A stronger core makes it easier to sit with proper posture. Stronger core muscles may also reduce chronic back pain you feel.
Any exercises that work your ab muscles help with core strength. That includes sit-ups, crunches, and similar moves. Yoga and pilates also work on core strength and can help you improve over time.
General aerobic and strengthening exercises also help improve your back and core muscles.
Adult exercise guidelines include 150 minutes of weekly moderate-intensity aerobic exercise or 75 minutes of vigorous exercise plus strength training at least twice per week. Use your lunch break to walk or do other exercises for general health and strengthening.
Regular exercise also helps you reach or maintain a healthy weight, which plays a role in your back comfort.
Being overweight can cause extra strain on your back. That excess weight combined with the regular strain from work activities can make your back pain worse.
One more health factor is smoking. When you smoke, the blood flow to your back decreases. That can cause spinal disc degeneration, and it makes it more difficult for back injuries to heal quickly.

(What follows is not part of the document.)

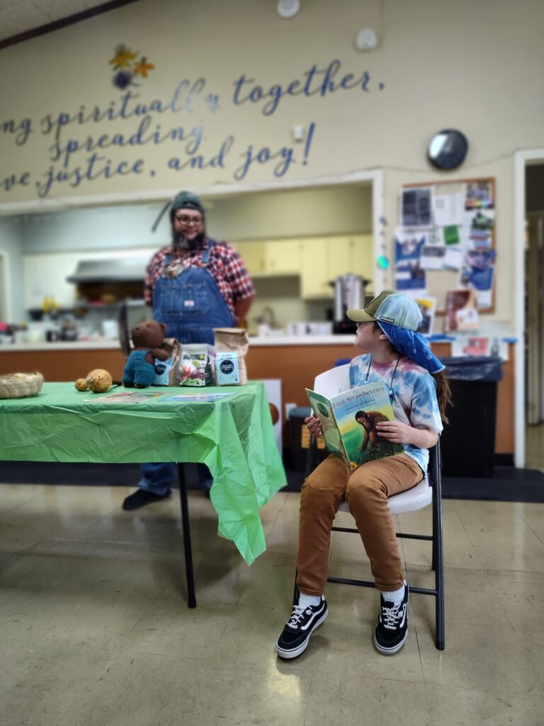 On Sunday, October 19, 2025, Doug Martin and his son spoke, taught, cooked, and shared stories with our Children and Youth Religious Education (CYRE) class and after church with the congregation and community in the Wildflower Community Room. What powerful (and yummy) indigenous lessons and wisdom corn offers about working together, identity, history, the future, and so much more.

Sometimes back pain at work comes from a back injury.
Whether that injury happened at work or at home, it can feel worse when you sit at your desk all day long.

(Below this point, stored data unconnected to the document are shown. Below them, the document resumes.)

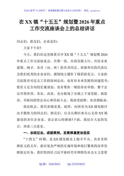 / 在XX镇“十五五”规划暨2026年重点工作交流座谈会上的总结讲话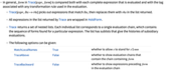 MatchLocalNames True whether to allow x to stand for x$nnn TraceAbove False whether to show evaluation chains that contain the chain containing form TraceBackward False whether to show expressions preceding form in the evaluation chain TraceDepth Infinity how many levels of nested evaluations to include TraceForward False whether to show expressions following form in the evaluation chain TraceOff None forms within which to switch off tracing TraceOn _ forms within which to switch on tracing TraceOriginal False whether to look at expressions before their heads and arguments are evaluated - During the execution of Trace, the settings for the form argument, and for the options TraceOn and TraceOff, can be modified by resetting the values of the global variables $TracePattern, $TraceOn, and $TraceOff, respectively.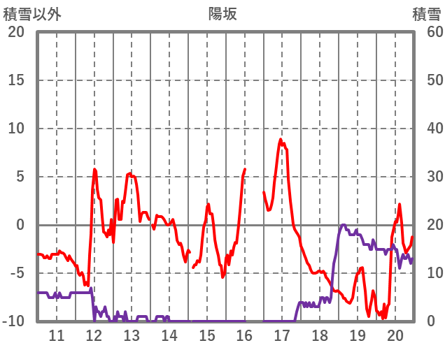 | 日 | 時 | 気温 | 降水 | 風向/風速 | 日照 | 積雪 | 降雪 |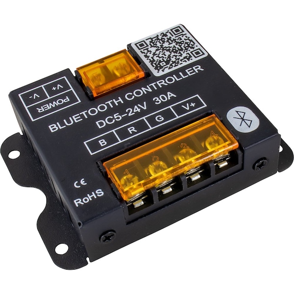 Optional Bluetooth Smart Phone Controller - RGBUsing Bluetooth technology, this RGB LED controller lets you operate LED RGB Rod holders 325181, LED RGB Tube inserts 325189, LED RGB Rod holder caps 325188, and LED RGB strips lights with your smartphone IOS 6 or Android 4.0 and above. Choose from numerous dynamic color-changing modes with adjustable speed and brightness levels or from static color modes. Additional features include a color-selection wheel, 6 timer settings, music control, mode/color-change via phone shake, and photo color match matches specific colors in photos. This LED controller has a maximum load capacity of 10 amps per channel and is compatible with LED light strips that operate within a 5-24 VDC range. The maximum load is 400 watts at 12 volts or 800 watts at 24 volts. The controller works within 50' of your phone. For dry locations only. CE, RoHS compliant.Features:Smartphone control using Bluetooth technologyDynamic or static color modesCustomized color, brightness, speed, and timer settingsMusic sound control capabilityPhone shake color/mode change and photo color matching50' Range

Treating the injury is an important first step in feeling better at work. The treatment depends on the specific type of injury you experienced. If you’re dealing with a back injury, visit your doctor to have it evaluated and to create a treatment plan to speed up the recovery process.

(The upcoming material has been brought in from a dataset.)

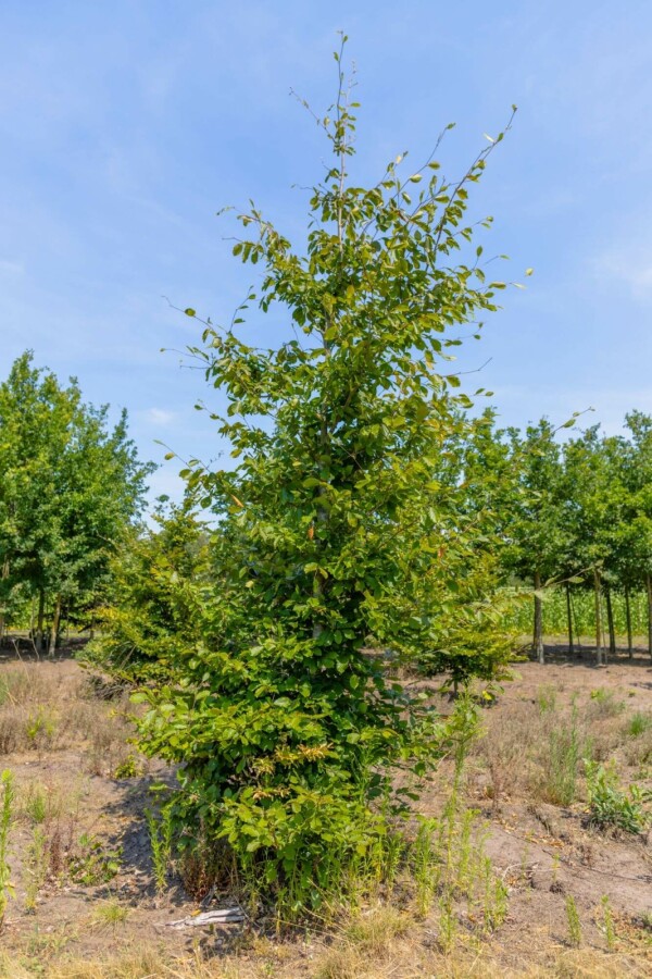 De Carpinus betulus, ook wel bekend als de haagbeuk of gewone haagbeuk, is een inheemse loofboom met een opvallende verschijning. Deze boom heeft een piramidale, eironde of ronde kroonvorm en een gladde, grijze tot groenbruine schors. Het blad is frisgroen van kleur en verkleurt in de herfst naar geel. In april en mei verschijnen de kleine, geelgroene bloemen, gevolgd door de kenmerkende vruchtjes. De Carpinus betulus kan een volwassen hoogte bereiken van 15 tot 20 meter en een breedte van meer dan 8 meter. Het is een traag groeiende boom die meer dan 50 jaar nodig heeft om zijn uiteindelijke omvang te bereiken. Desondanks is het een sterke boom met een goede windbestendigheid. De haagbeuk is winterhard tot -23,3°C en gedijt in zowel zon als schaduw. Hij is geschikt voor verschillende grondsoorten, variërend van lichtzuur tot kalkrijk. In het landschap kan de Carpinus betulus worden toegepast als haagplant, in bermen, op rotondes, in groenstroken, op taluds of als solitaire boom. De boom is verkrijgbaar in diverse vormen, waaronder hoogstam, beveerd, meerstammig en als leiboom.

Sometimes the injury just takes time to heal on its own or takes several weeks of treatment to improve.
Treating a back injury can vary depending on the specific cause. Your doctor may send you to physical therapy or have you do exercises at home. Prescription medication or even surgery may also be necessary.
Follow prescribed back injury treatments exactly to shorten the recovery time. If the back injury doesn’t seem to improve, check with your back pain and injury doctor to find new treatment options.
While you don’t want to rely on over-the-counter pain relievers for long-term relief, it may be useful if you’re experiencing occasional stronger pains.
Always consult with your doctor to determine the best type of pain reliever for you and to ensure you aren’t relying on pain relievers for too long.
Anti-inflammatory pain relievers can be especially helpful if your pain is due to an injury. Back injuries often come with inflammation, and the pain reliever can ease that.
Muscle rubs may also ease back discomfort temporarily. Keep some muscle rub available at your desk in case you experience pain at the office.
If you’re dealing with a sudden increase in pain, you may be able to get some relief by applying heat or cold to your back at the office.
Ice is particularly helpful if you have a sudden back injury. It can reduce swelling and ease the pain.
An easy way to apply cold at the office is with an instant ice pack. Once activated, the ice pack gets cold immediately. You can position the ice pack between your chair and your back to hold it in place.
Heat is often more soothing if you have chronic back pain that’s not due to a specific injury. This is helpful if the discomfort is due to ongoing issues or simply due to sitting all day.
An electric heating pad is an easy option for quick heat. You can also heat up a rice-filled heating pad in the break room microwave for heat. Position the heating source between your back and the chair.
When applying heat or cold to your back, it’s best to limit it to 15 to 20 minutes at a time. Anything longer can cause damage to the skin. Put a thin cloth between the heat or cold source and your skin to prevent damage.
Learning how to relieve your back pain can make your job a lot easier and more comfortable.
Adjustments to your working environment can help you improve how your back feels gradually. Immediate relief methods ease the discomfort as you strengthen your back and improve your overall work habits.